[Dataset section]
+ + + +
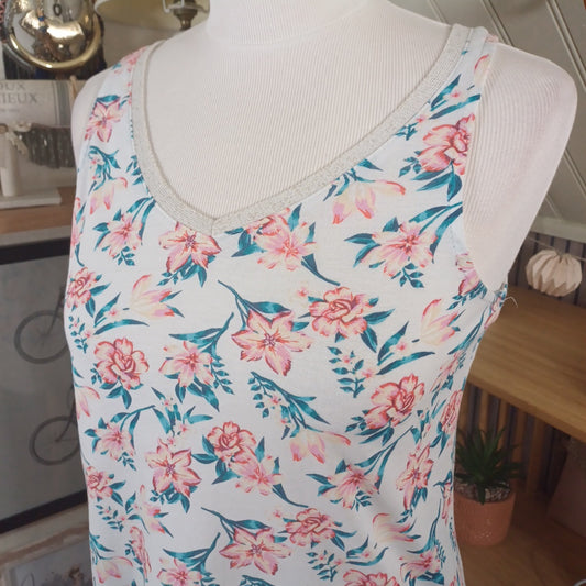 Débardeur blanc à motifs fleurs, Promod, taille 38
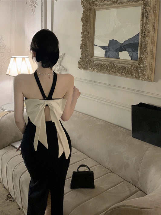 Halter neck dress women's long dress v-neck pleated a-line dress S5901
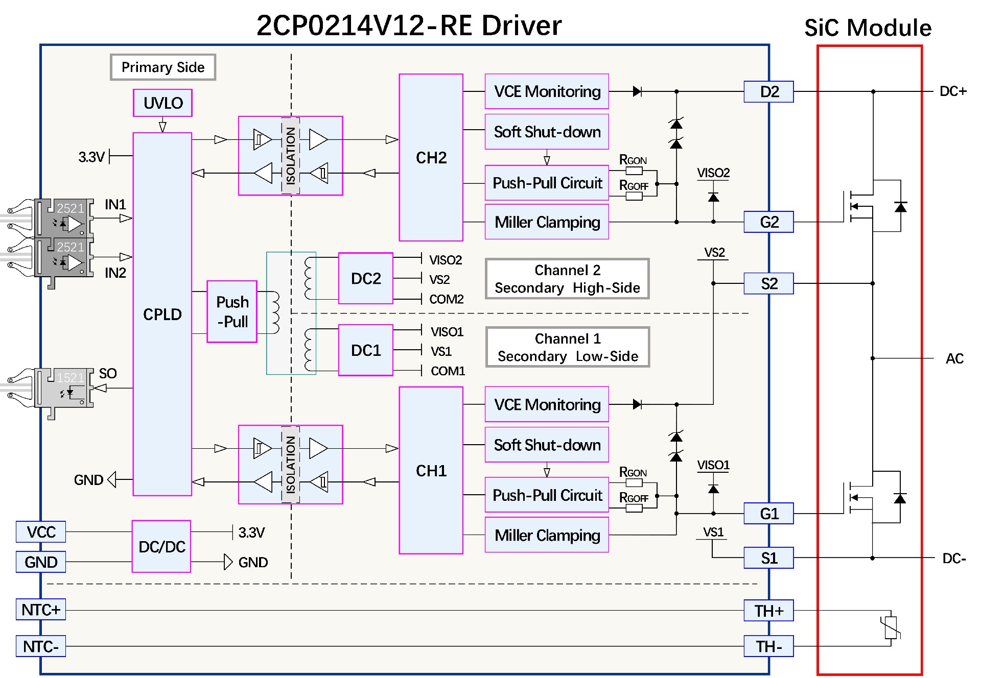 2CP0214V12-RE is ideal for multiple topologies constructed with ≤1200V SiC modules. The plug-and-play function allows direct soldering of the driver board on the IGBT module, eliminating the necessity for an adapter. It supports input and output of optical logic signals.
+ + + +
[Task to complete]
Give an exact copy of the data, and omit any pictures it holds.

[Answer section]
 Débardeur blanc à motifs fleurs, Promod, taille 38
 Halter neck dress women's long dress v-neck pleated a-line dress S5901
 2CP0214V12-RE is ideal for multiple topologies constructed with ≤1200V SiC modules. The plug-and-play function allows direct soldering of the driver board on the IGBT module, eliminating the necessity for an adapter. It supports input and output of optical logic signals.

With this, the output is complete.